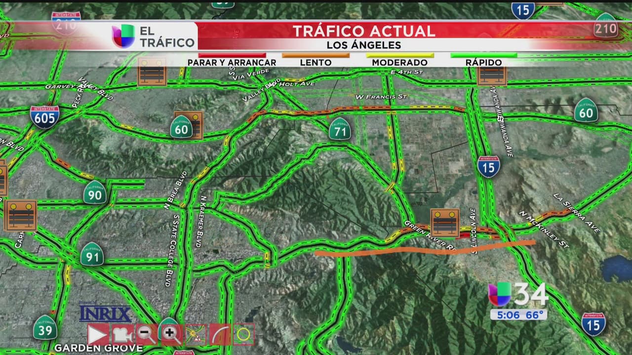 A pesar de que no se registra ningún percance, el radar muestra tráfico lento en la 91 Oeste en el área de Corona.
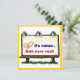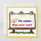 Cute and funny invitation is perfect for announcing an engagement and inviting guests to the engagement party! Design features a billboard with lights across the top. The message on the billboard reads "He asked...She said yes!" There is also a graphic of two shiny wedding rings on the billboard. The design is on a solid white background with yellow trim. The reverse side of the engagement party invitation is solid white with yellow trim. All of the text is fully customisable to suit your needs. These fun and casual invitations are perfect for informal engagement parties!
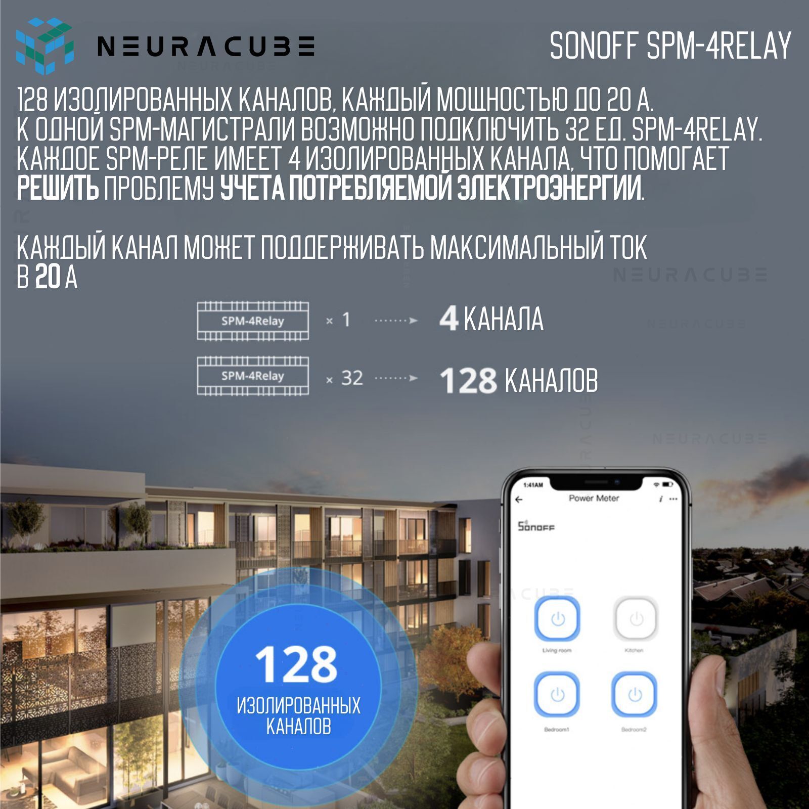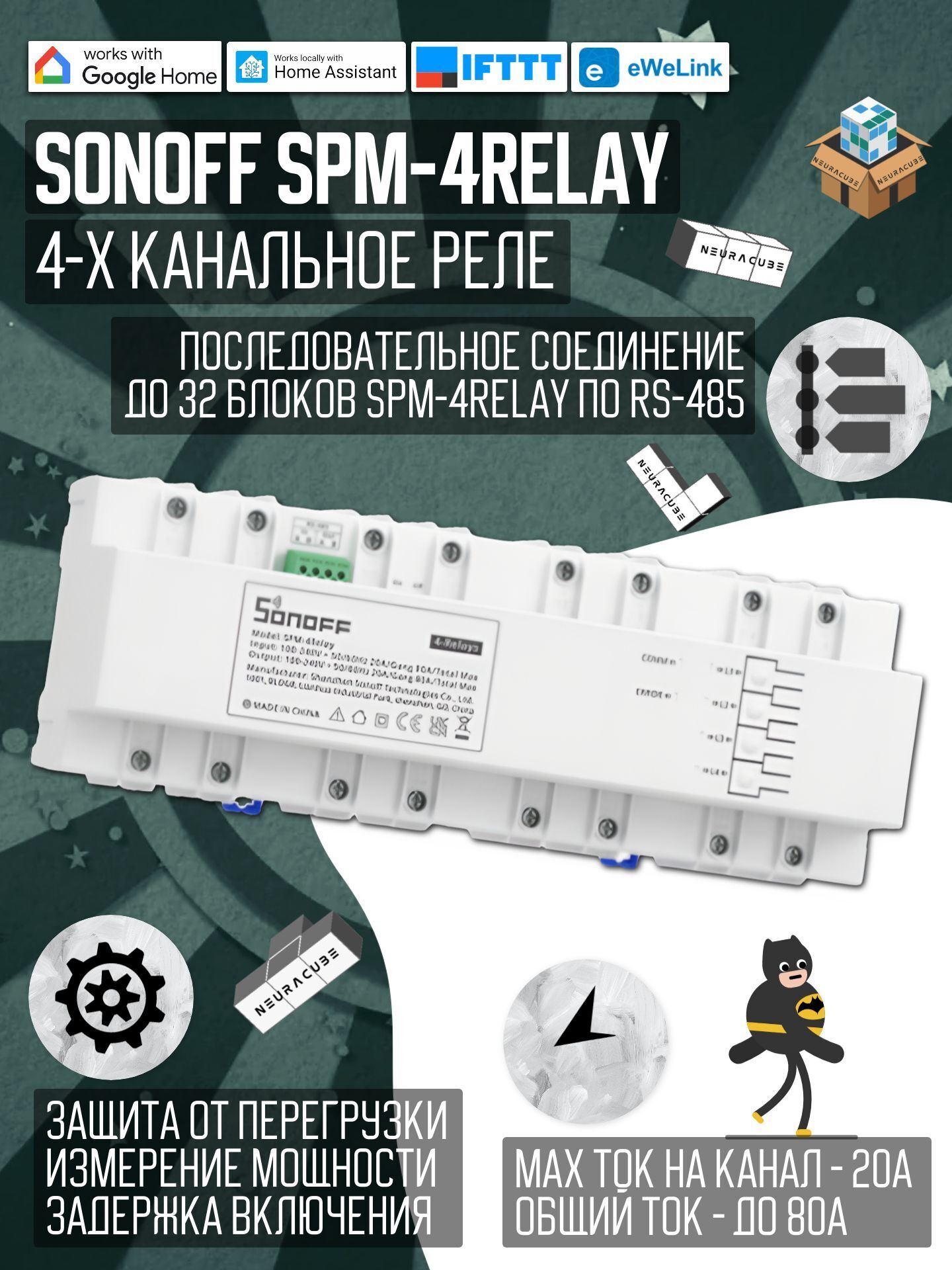 Превратите ваш дом или офис в умное пространство с модулем Sonoff SPM-4Relay! Управляйте четырьмя электроприборами или нагрузками одновременно через интернет, приложение или голосовые команды.
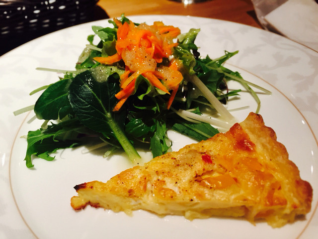 寿司五貫、サラダ、キッシュ、焼きねぎのポタージュ。
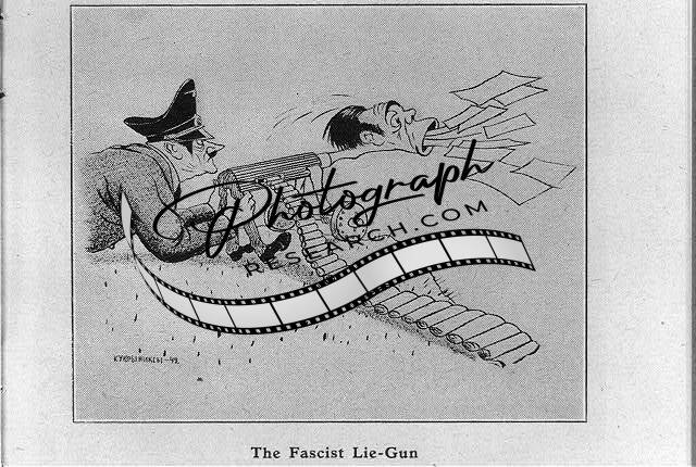 Cartoon, "the facist lie-gun", showing Goebbels as a Hitler-operated machine gun spurting out paper from his mouth
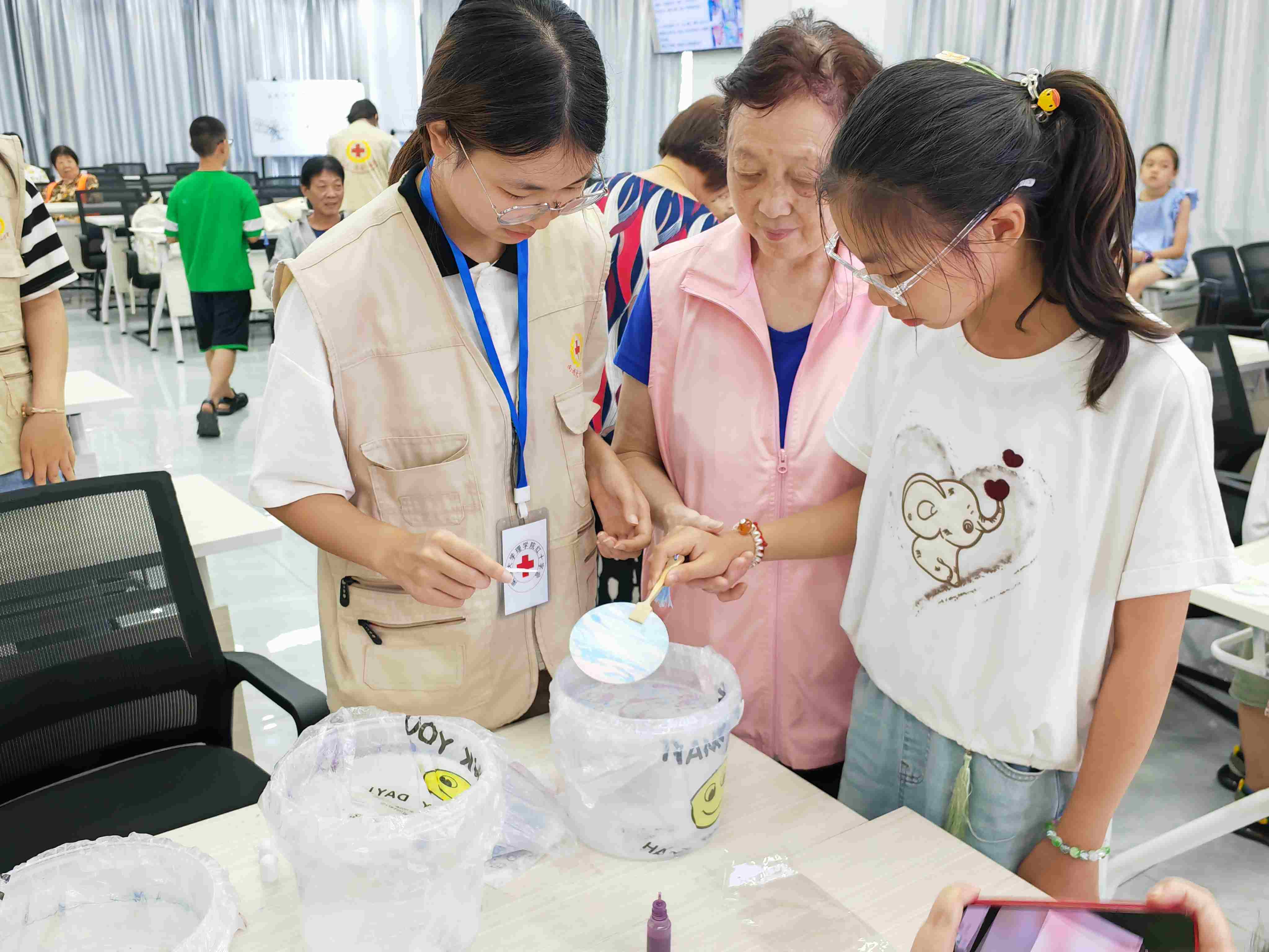 志愿者們在孩子們創作過程中,耐心提供幫助和指導,鼓勵他們大膽發揮想象力。當孩子們完成一件作品時,志愿者們總是熱情地給予贊賞和掌聲,增強孩子們的自信心和成就感。每一位志愿者都積極參與其中,他們的耐心和細致讓孩子們感受到了來自紅十字實踐團的關愛和支持。
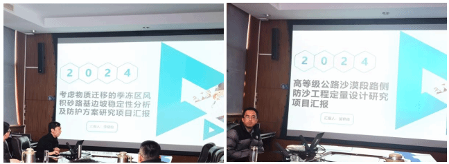 随后,针对山西四建“内蒙古自治区柴登至图克一级公路项目”,我院正高工李晓俊围绕“考虑物质迁移的季冻区风积砂路基边坡稳定性分析及防护方案研究”、“交通重载作用下强风化区风积砂路基结构衰变致灾机制及综合防治方法研究”,博士郝艳峰围绕“高等级公路沙漠段路侧防砂工程定量设计研究”进行了拟研究项目汇报。双方就项目的可行性、技术研发难点、未来应用前景等进行了深入交流。
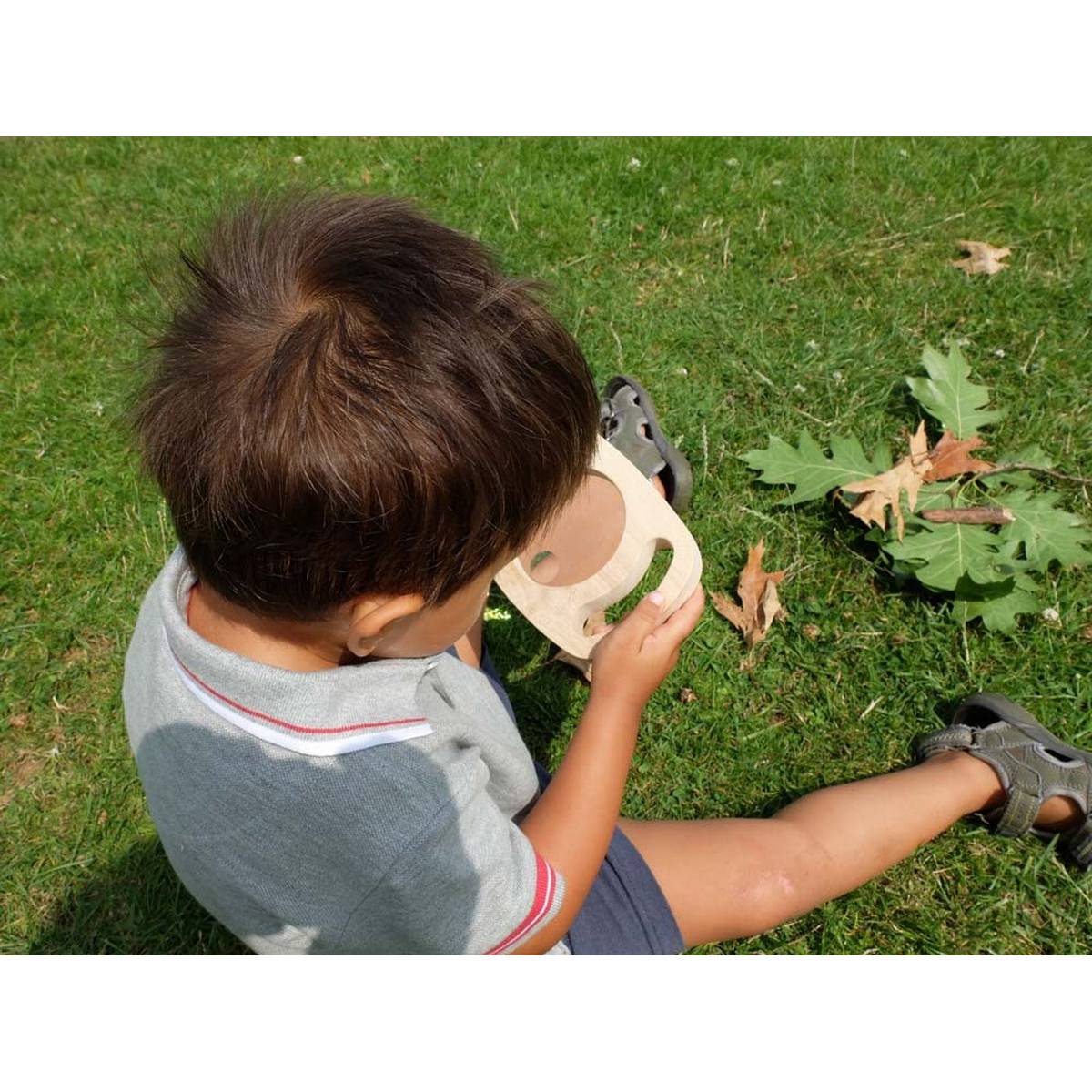 Hardwood frame with easy grip handles enclosing a magnifying lens offering 3x magnification (with an inset lens offering 5x magnification).
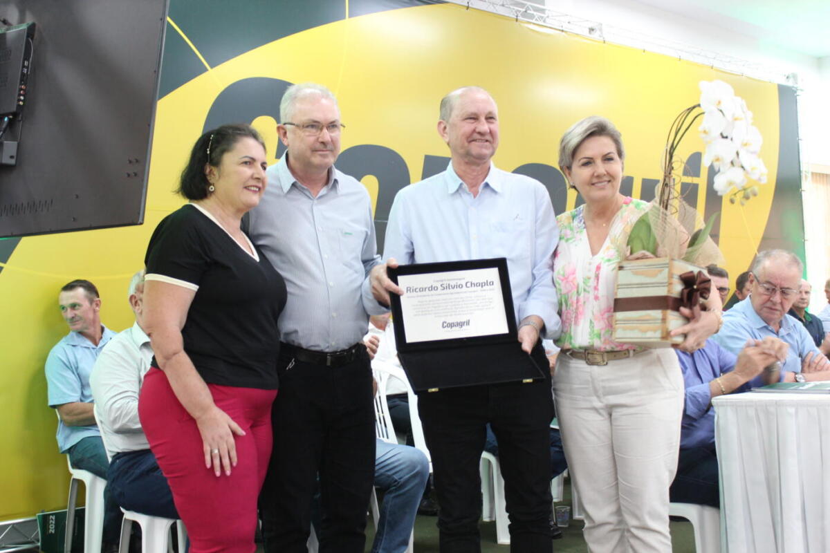 Em seu discurso ele fez questão de homenagear o ex-presidente com a apresentação de um vídeo que relatou e mostrou em fotos toda a trajetória de Chapla com o cooperativismo.
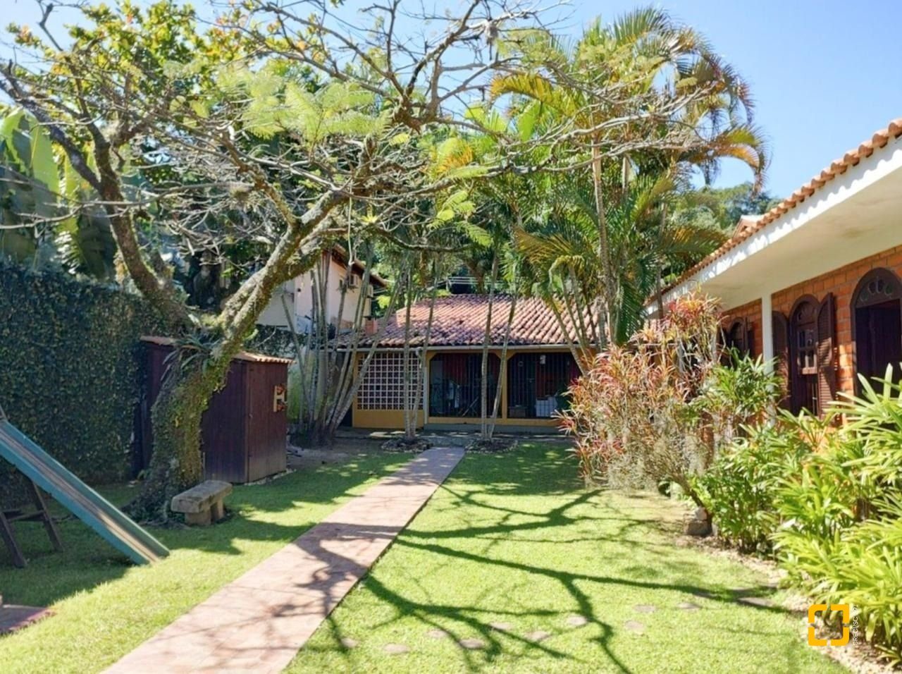Espaço de jardim em comum para as duas casas, porém muito amplo, com espaço gramado, árvores e até espaço para parquinho de crianças. Vaga de estacionamento na frente da casa com espaço para, pelo menos, 3 carros.
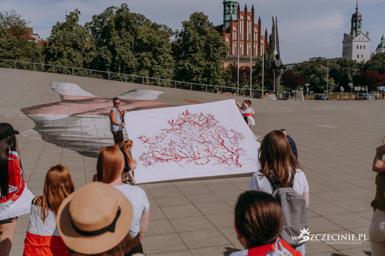 Na placu Solidarności szczeciński streetartowiec Kraz namalował w biało - czerwonych barwach gest Victorii. Okazją była rocznica Sierpnia 80’ ale znak tak operuje kombinacją bieli i czerwieni, że nawiązuje również do flagi Białorusinów walczących o demokrację.
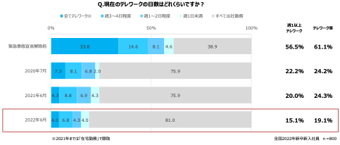 - テレワークをしている人は19.1%で前年より減少。現在もテレワークをしている新入社員で「テレワークが廃止されても働き続ける」は半数に留まる【図8、9】

▸ HOW TO COMPLETE THIS TASK: Write out exactly, and only, the lines running from the line with "Hardwood frame with" to the last line above, both included, with all pictures omitted.

▸ TASK ANSWER:
 Hardwood frame with easy grip handles enclosing a magnifying lens offering 3x magnification (with an inset lens offering 5x magnification).
 Em seu discurso ele fez questão de homenagear o ex-presidente com a apresentação de um vídeo que relatou e mostrou em fotos toda a trajetória de Chapla com o cooperativismo.
Espaço de jardim em comum para as duas casas, porém muito amplo, com espaço gramado, árvores e até espaço para parquinho de crianças. Vaga de estacionamento na frente da casa com espaço para, pelo menos, 3 carros.
 Na placu Solidarności szczeciński streetartowiec Kraz namalował w biało - czerwonych barwach gest Victorii. Okazją była rocznica Sierpnia 80’ ale znak tak operuje kombinacją bieli i czerwieni, że nawiązuje również do flagi Białorusinów walczących o demokrację.
 - テレワークをしている人は19.1%で前年より減少。現在もテレワークをしている新入社員で「テレワークが廃止されても働き続ける」は半数に留まる【図8、9】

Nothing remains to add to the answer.